Assignments (undergrad)

All grades for undergraduates will be posted on Blackboard.

blog posts (8 @ 5% each for 40%): You will post eight times to the course website. Each post will be no more than 500 words in length (please use word count).

Four of the posts can be devoted to either of the following:

  • reviews of assigned readings for dates you’ll sign up for on the first day of class
  • using assigned readings to analyze games that you’ve played

The four remaining posts must be 500 word responses to blog posts by other students in the class.

Before you post, please read the commenting policy at the Fembot Project which is what we’ll adhere to on our own blog. I’d like to model rigorous, collegial, and productive discussions on the course website and in order to do that, we all need to understand what the rules are.

game demo (10%): In groups of three, and with the assistance of UO librarians, you will be responsible for demonstrating a videogame in class and providing a brief presentation on the history and production of that game. Game demos will be no more than 20 minutes in length. You will sign up for game demos on the second day of class.

draft bibliography (10%): Videogames aren’t just about fun. They’re also about scholarship and good scholarship requires research. Without a strong bibliography, you’ll spend a lot of time spinning your research wheels, wondering, “How do I know that” or “Where did I read that bit of information?” Your draft bibliography (due week 5) for your extended blog post should be comprehensive, building on resources you will use for your blog posts and responses. You are strongly encouraged to use Endnote, Zotero, or Mendeley as you build your bibliography. It must be formatted using The Chicago Manual of Style, 16th ed. This assignment is weighted heavily to encourage you to start your research early. Credit will be given primarily for content (the breadth, depth, and creativity of your research).

extended blog post (2,500 words) (30%): In teams of two, you will create a final post for the course site. This final post should be an extended piece of writing — not an essay intended for my eyes alone (e.g. you should incorporate visual elements into it and think about it as something that other people will be looking at online). In it, you could offer a meditation on videogames as an art form, using some of the readings we’ll read for the course, as well as sources you’ve developed for your bibliography. You could criticize a genre of games. You could write about the political potential of games. You could write about the rich world of fan-related activities. You could write about all the productive (or non-productive) time people spend playing games. You could compare and contrast the experience of playing a board game with the experience of playing an online version. The main requirement is that you use assigned readings and bibliographic sources to produce an original contribution to how we’re thinking about games and gaming in 2013, grounded in research and cognizant of the fact that what distinguishes scholarly writing from fan writing is the former’s grounding in research.

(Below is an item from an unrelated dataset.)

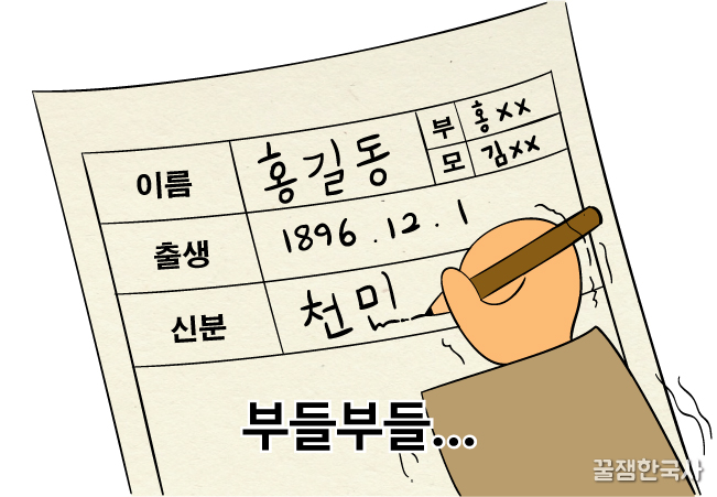 이때 당시에 이력서나 입학원서에 신분을 기재하게 하는 등으로 의도적으로 신분차별을 유지하는 일이 있었는데, 이에 반발하여 1923년 백정들이 진주에서 조선형평사를 조직해.<★★>

These final posts must be posted on the website by 5 pm, March 17, 2013.

Participation (10%): Participation grades will be evaluated on the basis of two things:

1. Participation in class discussion (as well as preparation, which is evident in the level and quality of participation – this is a reminder to do the readings)

2. Participation on the website beyond the assigned contributions. Here I’m looking for evidence that you’ve read each others’ posts, responded in a manner that demonstrates that you’ve put some thought into your response, added links and ideas to the website, and generally helped contribute content.

The participation grade is a cumulative grade, meaning that a number of posts in the last two weeks of class won’t count for as much as consistent posts across the quarter.